Copy out the lines of the listing from the one containing "La Exposición ganadera" onward, through the last, without altering any.

Data shown
----------
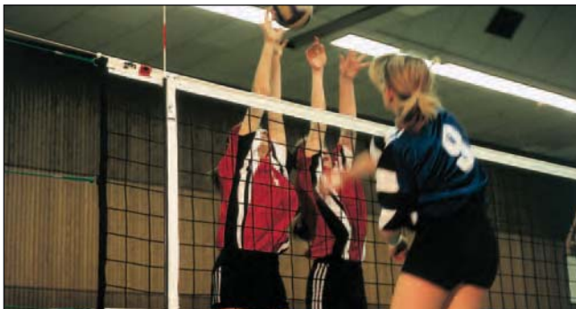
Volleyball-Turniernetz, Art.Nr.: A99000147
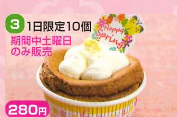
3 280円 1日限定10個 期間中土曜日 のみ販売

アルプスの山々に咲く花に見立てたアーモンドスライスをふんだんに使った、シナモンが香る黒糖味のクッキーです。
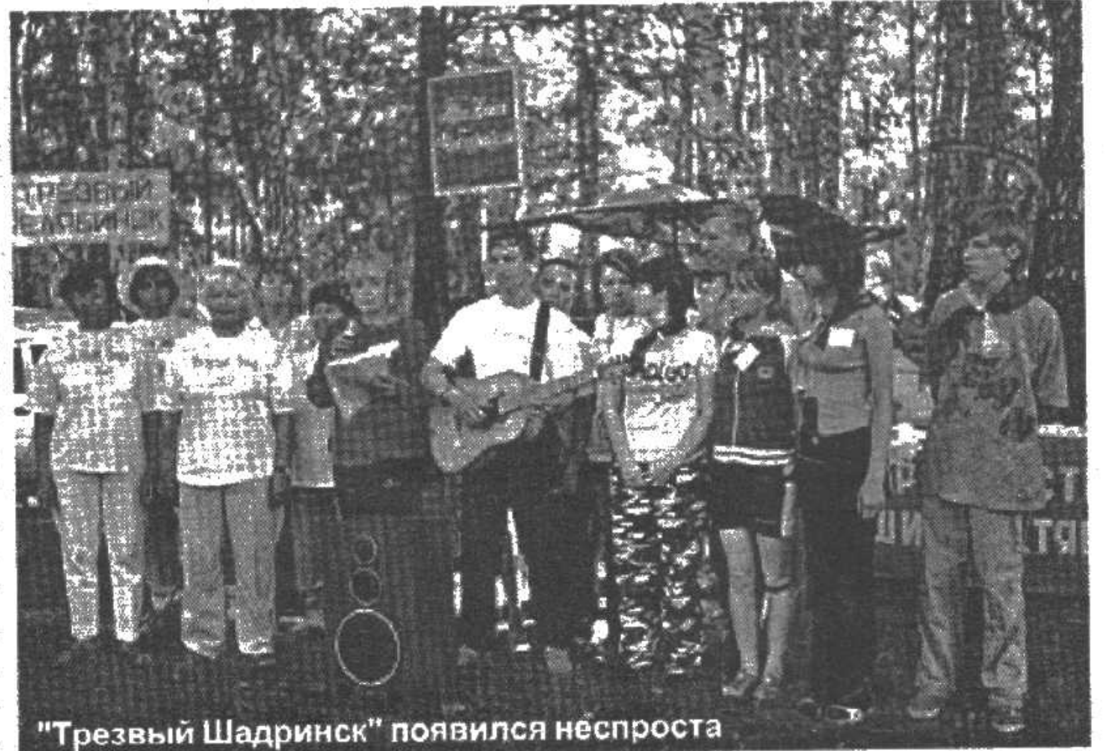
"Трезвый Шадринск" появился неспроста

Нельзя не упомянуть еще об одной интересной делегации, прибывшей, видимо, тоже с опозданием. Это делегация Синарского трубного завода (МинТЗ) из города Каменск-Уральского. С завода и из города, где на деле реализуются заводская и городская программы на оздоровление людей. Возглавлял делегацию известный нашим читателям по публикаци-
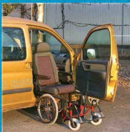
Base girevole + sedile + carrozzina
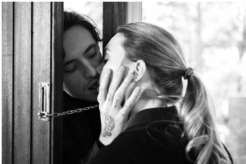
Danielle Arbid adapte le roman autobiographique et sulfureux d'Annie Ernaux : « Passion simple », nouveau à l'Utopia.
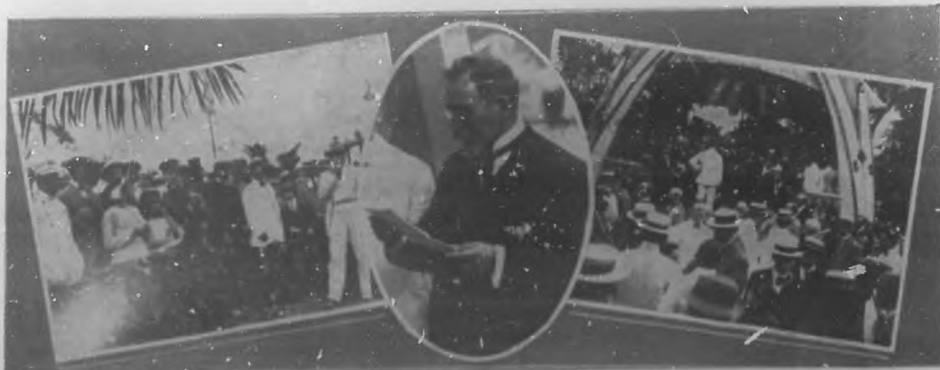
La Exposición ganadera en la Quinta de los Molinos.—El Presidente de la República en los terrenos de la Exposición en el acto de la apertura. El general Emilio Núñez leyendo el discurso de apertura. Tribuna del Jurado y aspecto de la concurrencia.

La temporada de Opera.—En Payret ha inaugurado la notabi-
----------
Answer to this task
La Exposición ganadera en la Quinta de los Molinos.—El Presidente de la República en los terrenos de la Exposición en el acto de la apertura. El general Emilio Núñez leyendo el discurso de apertura. Tribuna del Jurado y aspecto de la concurrencia.

La temporada de Opera.—En Payret ha inaugurado la notabi-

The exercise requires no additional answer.